Vorstellung der qualitativen Daten

Die befragten Spieler haben im Fragebogen die Möglichkeit eine Beurteilung des Spiels als komplexes System selbst abzugeben (Frage 20) und auch weiterführend ihre Ansichten zu komplexen Systemen mitzuteilen (Frage 21). Im letzten Teil des Fragebogens können die Spieler Transfers beschreiben. Die quantitative Auswertung hierzu fand bereits im vorherigen Abschnitt statt, hier sollen die einzelnen Aussagen analysiert und vorgestellt werden. Die abschließende Frage 45 bietet dem Befragten Gelegenheit, seine Antwort bzgl. der Frage, ob das Spiel Interessen geweckt habe oder nicht, zu erläutern. Das Hauptaugenmerk liegt hier auf den Ausführungen der Spieler zu komplexen Systemen. Vorab werden die Kennzeichen der Kategorien definiert, d.h. die Kriterien, anhand derer die Daten der jeweiligen Kategorie zugeteilt werden.

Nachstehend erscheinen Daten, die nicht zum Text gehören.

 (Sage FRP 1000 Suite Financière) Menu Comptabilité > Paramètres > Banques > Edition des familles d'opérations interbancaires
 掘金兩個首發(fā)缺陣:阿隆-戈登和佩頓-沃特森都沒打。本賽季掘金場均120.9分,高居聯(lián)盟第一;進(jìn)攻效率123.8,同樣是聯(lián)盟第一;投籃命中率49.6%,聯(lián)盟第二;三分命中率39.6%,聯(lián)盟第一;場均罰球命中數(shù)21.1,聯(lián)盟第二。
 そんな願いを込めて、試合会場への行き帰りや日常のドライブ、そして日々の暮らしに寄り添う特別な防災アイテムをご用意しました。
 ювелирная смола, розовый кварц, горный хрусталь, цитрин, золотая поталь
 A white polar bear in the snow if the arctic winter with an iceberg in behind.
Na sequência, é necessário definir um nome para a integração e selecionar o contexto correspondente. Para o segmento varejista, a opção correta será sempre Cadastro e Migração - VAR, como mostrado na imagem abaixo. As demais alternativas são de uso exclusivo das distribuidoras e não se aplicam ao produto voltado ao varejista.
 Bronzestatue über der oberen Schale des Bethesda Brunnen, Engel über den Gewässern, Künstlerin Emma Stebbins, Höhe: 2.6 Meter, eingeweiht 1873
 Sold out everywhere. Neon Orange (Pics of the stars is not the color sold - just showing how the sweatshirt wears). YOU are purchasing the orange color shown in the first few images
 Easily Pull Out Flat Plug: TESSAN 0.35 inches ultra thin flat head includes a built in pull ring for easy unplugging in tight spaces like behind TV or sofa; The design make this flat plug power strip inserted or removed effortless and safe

Die erste Kategorie sind „Merkmale komplexer Systeme“. Diese Kategorie beinhaltet vier Unterkategorien, angelehnt an den im theoretischen Teil vorgestellten Merkmalen. Für die jeweilige Unterkategorie werden die Daten bei der ersten Durchsicht auf Schlüsselwörter hin untersucht. Hierfür wird die Wortzählfunktion unter MAXQDA genutzt, um Auffälligkeiten feststellen zu können. Diese Form soll der quantitativen Auswertung der qualitativen Daten dienen und bereits eine erste Filterung für die weitere Analyse ergeben. In der folgenden Übersicht werden Schlüsselwörter für eine Unterkategorie vorgestellt (bei den Wörtern wird jeweils Singular und Plural beachtet). Neben den Schlüsselworten wird ebenfalls eine Analyse der Texte durchgeführt, um Beschreibungen, die keines der Schlüsselwörter beinhalten, ebenfalls berücksichtigen zu können. Grundsätzlich kann bei diesem Vorgehen eine Trefferquote von 100 % nicht gewährleistet werden, da manche Aussagen zu ungenau sind und daher nicht eindeutig zugeordnet werden können.

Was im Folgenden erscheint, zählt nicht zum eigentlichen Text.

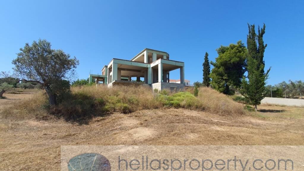 In wunderschöner Lage und weniger als 900 Meter vom Sandstrand von Petrothalassa entfernt befindet sich ein im Rohbau befindendes Einfamilienhaus von 238 m² auf einem Grundstück von 2.260 Quadratmetern.
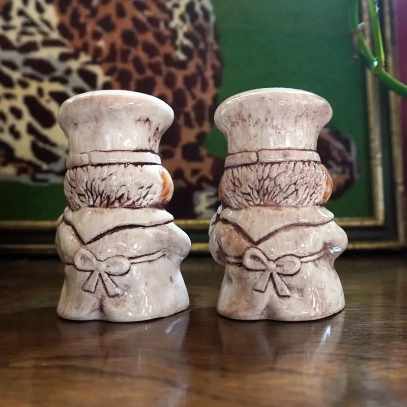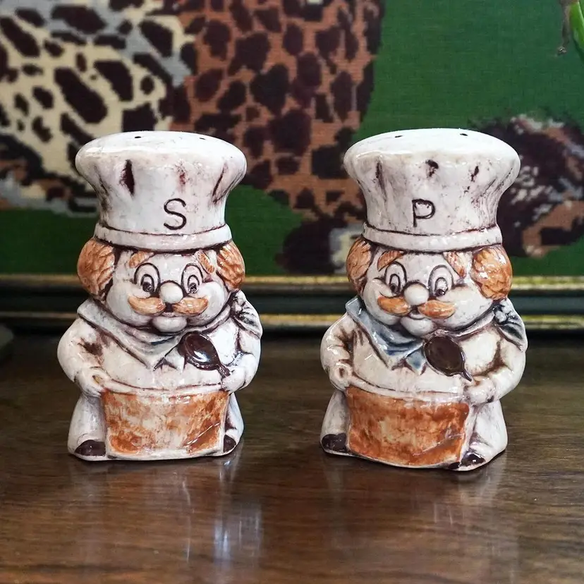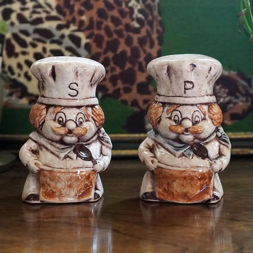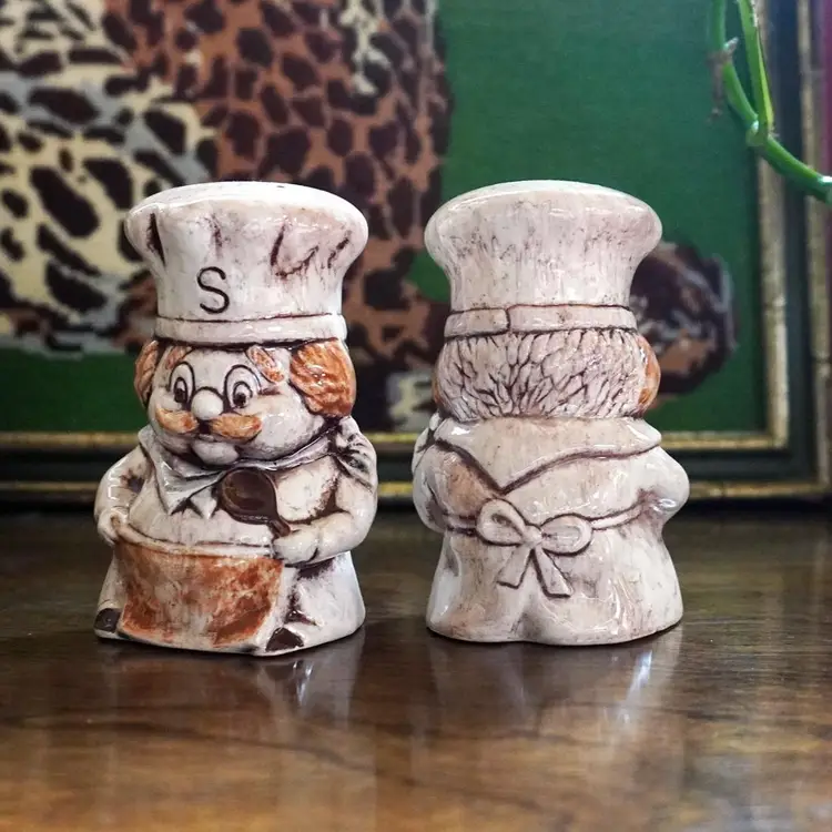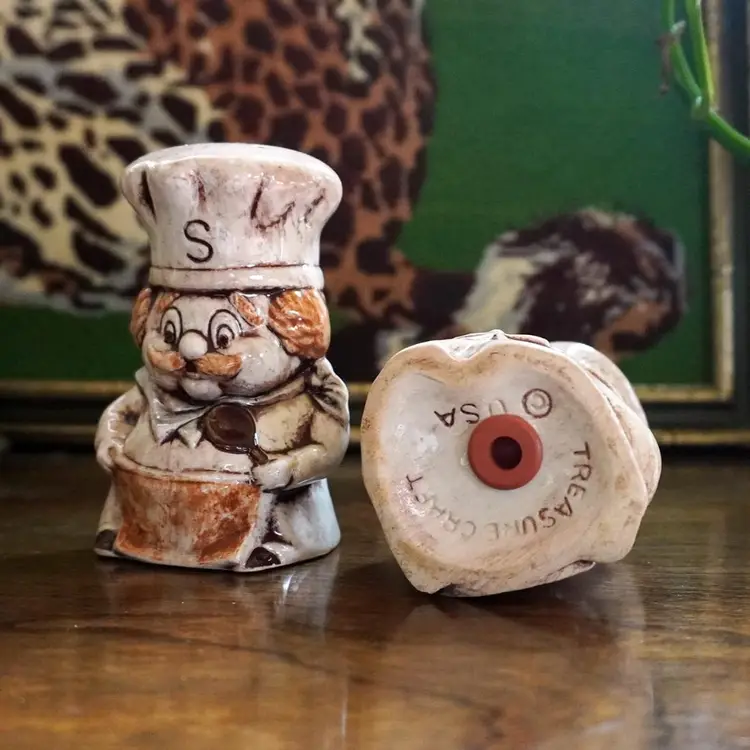 Bring some vintage decor into your kitchen with these extremely cute & kitschy chef salt and pepper shakers. Both have there original stoppers. They are Stamped Treasure Craft on the bottom and made in the USA
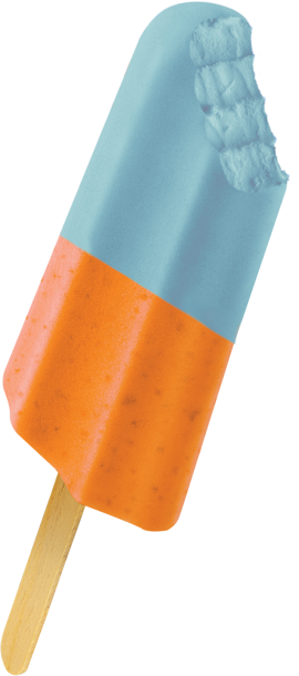 Helado de chocolate relleno con dulce de leche, con baño de chocolate blanco.
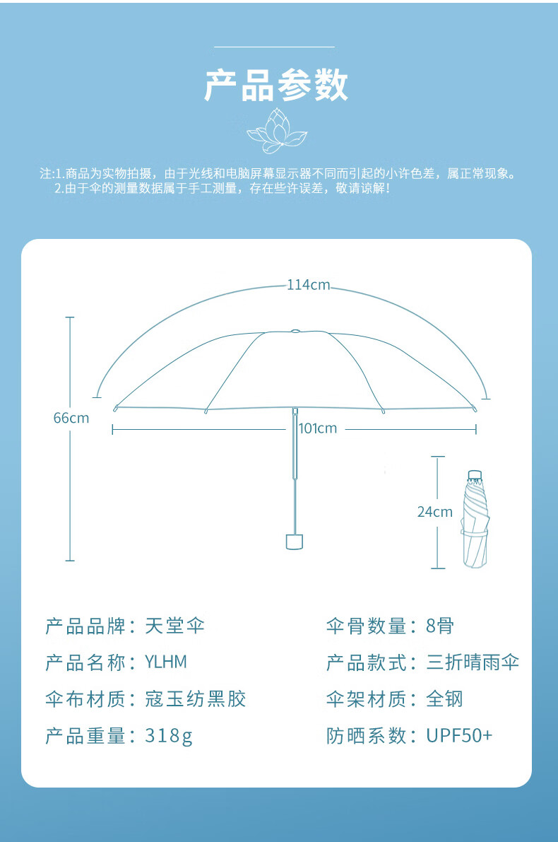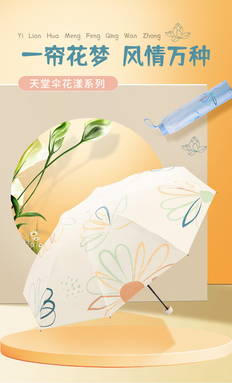 天堂 三折晴雨伞 30928EPD 57cmX8骨 若夫粉(单位:把)
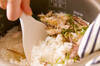 グリルの網にサラダ油を薄く塗り、アジの開きをのせて両面に焼き色がつけば取り出し、身をほぐす。

    Merkmale komplexer Systeme
  • Anzahl der Elemente
    Schlüsselwörter: viele, mehr, einige, Elemente, Vielzahl, verschiedene, Parameter, different, multiple, many, more, a lot, various, varieties
  • Dynamik
    Schlüsselwörter: unberechenbar, unvorhersehbar, unerwartet, Dynamik, linear, Rückkoppelung, Auswirkungen, dynamic, unexpected, unpredictable, feedback
  • Planung
    Schlüsselwörter: Entscheidungen, Planung, Lösung, Strategie, solution, decision, strategy, planning
  • Beziehungsgeflecht
    Schlüsselwörter: verbunden, vernetzt, Netzwerk, Abhängigkeit, Einfluss, Verknüpfung, Verbindung, Zusammenhang, Rückkoppelung, dependency, interaction, affect, impact, feedback
    Unter diese Kategorie fallen auch Merkmale Dörners Modells, die jedoch nicht alle explizit aufgeführt werden.
    Transfermodell
    Für das Transfermodell werden keine Schlüsselwörter definiert, da dies nur eine unvollständige Analyse darstellen würde. Hier werden die Aussagen der Spieler, in denen sie sich auf Situationen außerhalb des Spiels beziehen, sie aber mit dem Spiel in Verbindung bringen, analysiert.
    Häufig genannte Begriffe
    Erläuterungen: Die Kategorie „Häufig genannte Begriffe“ wird festgelegt, da bestimmte Begriffe mehrmals bei der Beschreibung komplexer Systeme (spielbezogen und allgemein) oder in anderen Zusammenhängen erwähnt werden. Gleiches gilt für die Kategorie „Geschichte“: Geschichte kann als ein komplexes System angesehen werden, so dass die häufige Erwähnung von Geschichte bei den Antworten Berücksichtigung finden soll. Die bloße Nennung des Begriffes „Geschichte“ o.Ä. wird nicht als Nennung eines Kriteriums eines komplexen Systems gewertet.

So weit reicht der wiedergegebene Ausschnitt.